Kann ich hier zusätzlich noch eine einfach zu projektierende Visu auf  den XP-PC ziehen? Wenn ja welche RT-Lizenzen brauche ich, was wäre die  Projektierumgebung? Falls nein kann ich einen Beckhoff CP danebenstellen  und mit diesem visualisieren und wie würde das dann gehen?

Danke für Eure Unterstützung + Gruß
Hahnus


----------



## Voxe (8 Oktober 2011)

Hallo,

zu 1: Du hast einen IPC mit XP-pro und kommunizierst eh über ADS.

Ich würde die Bedienung auch mit der Hochsprache machen. Eine Variable schreiben kostet dich in der Hochsprache drei Zeilen Quellcode.

Als Lizenz, brauchst du nur eine TwinCAT-PLC, kostet um die 1000 Euro und das wars.

zu 2: bleibe bei Ansatz 1 *ROFL*

Gruß Voxe


----------



## Voxe (8 Oktober 2011)

Hallo nochmal,

wenn ich alles richtig verstanden habe, ist deine Anwendung nicht zeitkritisch, meine du brauchst keine Echtzeit.

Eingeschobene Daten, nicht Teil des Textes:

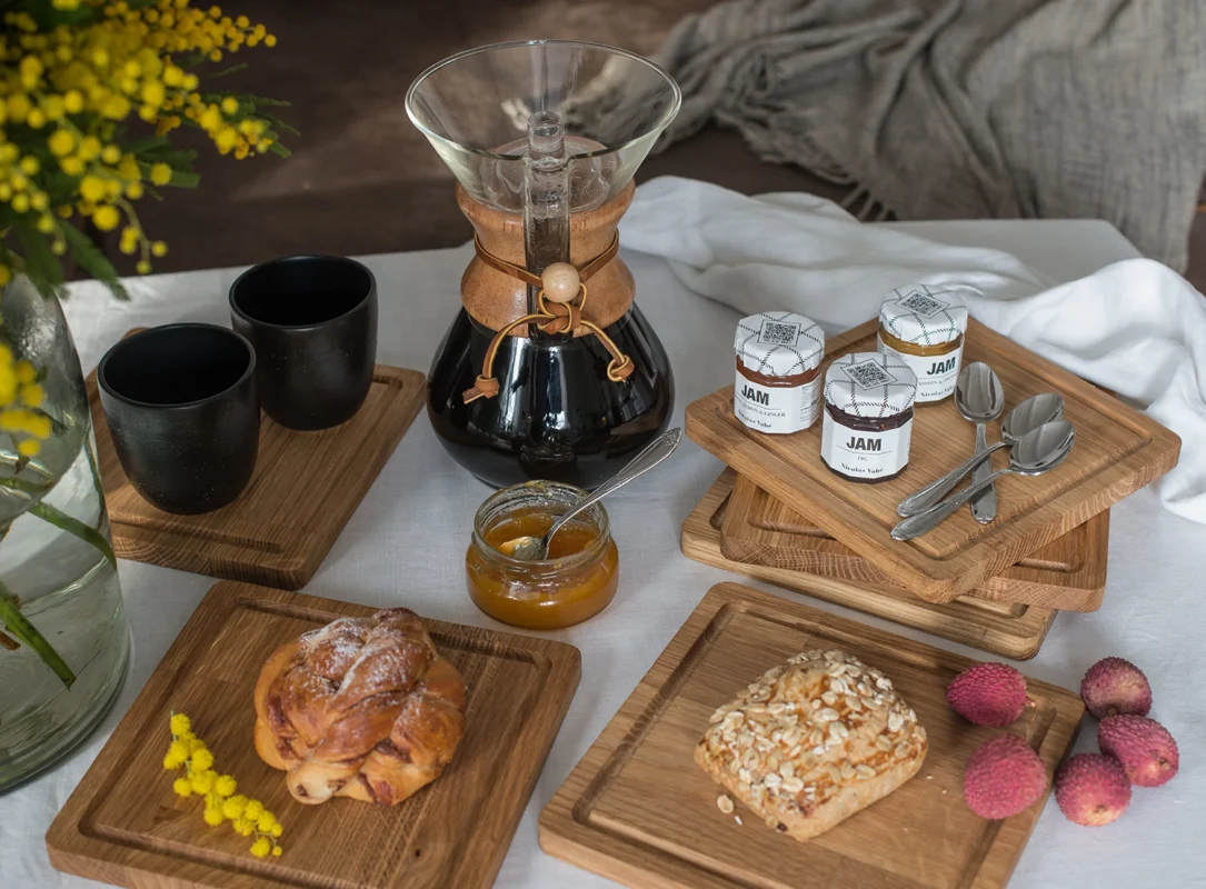 JHC Design utvikler og designer produkter i tre, ofte i kombinasjon med andre materialer. Et av de mest populære produktene er tallerkensettet med 6 stk. tretallerkener i stativ. Disse ble produsert allerede i 1990, men da i furu som var inn på den tiden. Les mer.
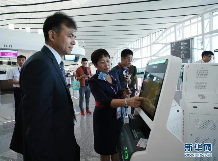 在值機(jī)柜臺(tái)前,習(xí)近平總書(shū)記察看智能技術(shù)、全自助無(wú)紙化智慧值機(jī)的流程,對(duì)機(jī)場(chǎng)采用現(xiàn)代化設(shè)施為旅客提供便利服務(wù)的做法表示肯定。
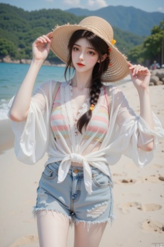 Her posture is elegant and confident, with both hands gently supporting her straw hat, lifting her head slightly, and looking at the camera with her eyes, as if engaged in silent communication with the viewer. The background is a beautiful beach, with delicate sand shimmering with golden light under the sunshine. Not far away is the deep blue sea, with waves gently crashing against the shore, making pleasant sounds. Further away are lush forests, with green vegetation complementing the blue sky and sea, creating a picturesque natural scenery. The entire scene is filled with youthful vitality and a romantic vacation atmosphere, making people feel the beauty and comfort of summer.
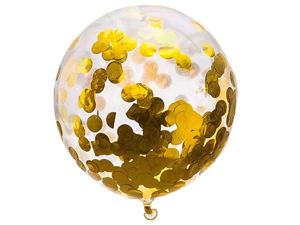 - 1x prozirni balon sa žutim konfetima
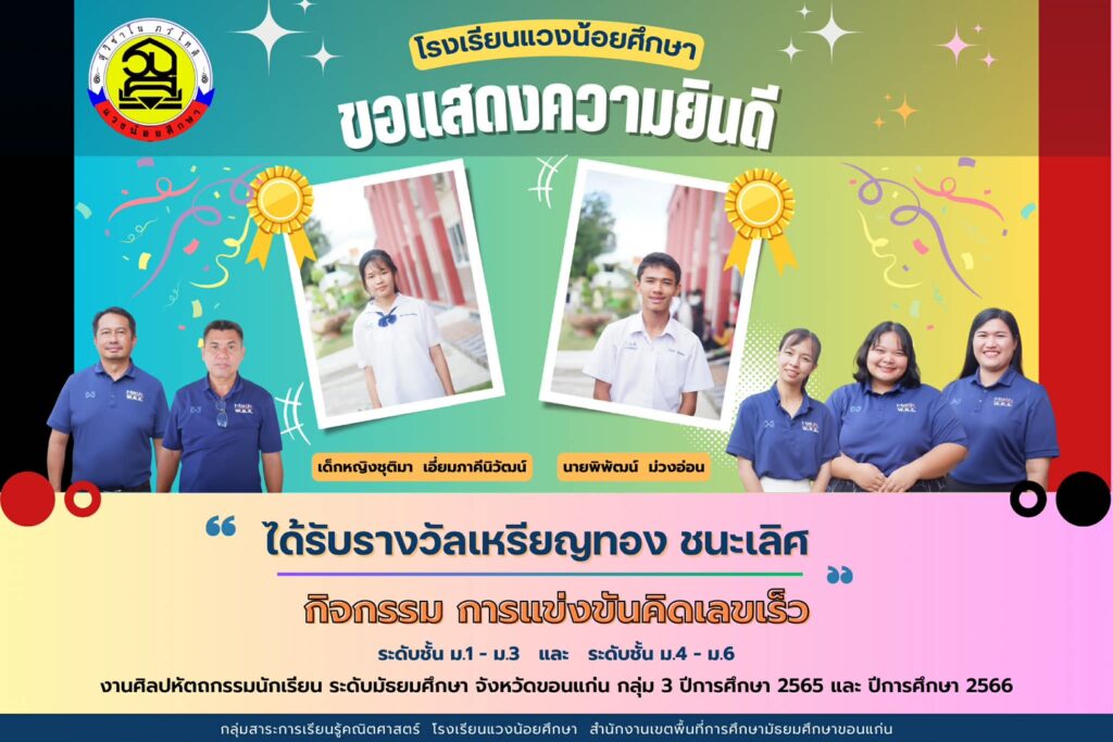 โรงเรียนแวงน้อยศึกษา ขอแสดงความยินดีกับนักเรียน ชั้น ม.3/4
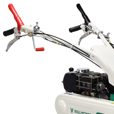 The operator is protected from flying debris by the Bull mower's steel flap guards which help keep dangerous objects inside the cutter deck. The handle can be adjusted vertically and horizontally with one lever.
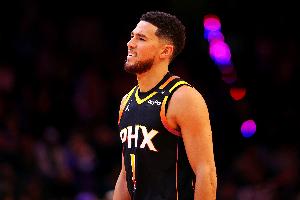 第三节比赛,上半场没怎么出手的布克终于找到手感,内外线火热,单节5中4(三分2中2)拿到12分1助攻1抢断,带队反超比分!
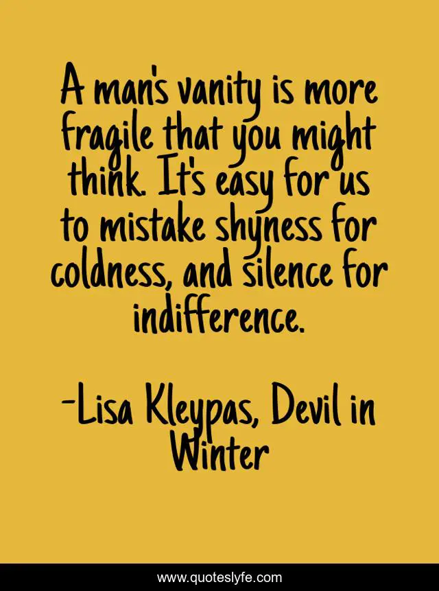 This page presents the quote "A man's vanity is more fragile that you might think. It's easy for us to mistake shyness for coldness, and silence for indifference.". Author of this quote is Lisa Kleypas, Devil in Winter. This quote is about shyness, coldness, indifference, vanity,.
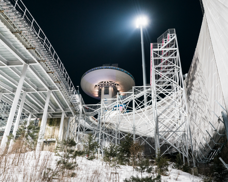 In den Serien ARENA I und ARENA II untersucht Sebastian Wells die Olympischen Spiele als globales Massenspektakel und hinterfragt die medialen, räumlichen und sozialen Mechanismen, die dieses

In dem Falle würde ich lieber einen BK9000, kostet etwas mehr, verwenden und ihn nicht im Realtime-Mode ansprechen. Der Vorteil wäre, du blockierst dir nicht den Ethernet-Port. Im Virtual-Mode ist das eigentlich fast Echtzeit.

Gruß, Voxe


----------



## Hahnus (8 Oktober 2011)

Erstmal Danke für Deine Unterstützung am Samstag.

Anwendung:
Ich habe ein paar Encoderklemmen und Analogeingänge, deren Werte ich min. aller 1ms in der SPS speichern möchte --> Prüfung aktiv.
Nach der Prüfung möchte ich die ungefähr 12000 Werte per ADS in die Hochsprache holen, visualisieren, bewerten und muss natürlich auch der SPS das Bewertunsergebnis übergeben (ein paar Bits).

Deine Bemerkung "dann blockierst Du Dir nicht den Ethernetport" verstehe ich irgendwie nicht?

Gruß
Hahnus


----------



## Voxe (8 Oktober 2011)

Hallo,

wenn du einen EK... einsetzts kannst du über diesen Ethernet-Port mit nix anderem mehr kommunizieren. Er ist dann auf das EtherCAT Protokoll gestellt.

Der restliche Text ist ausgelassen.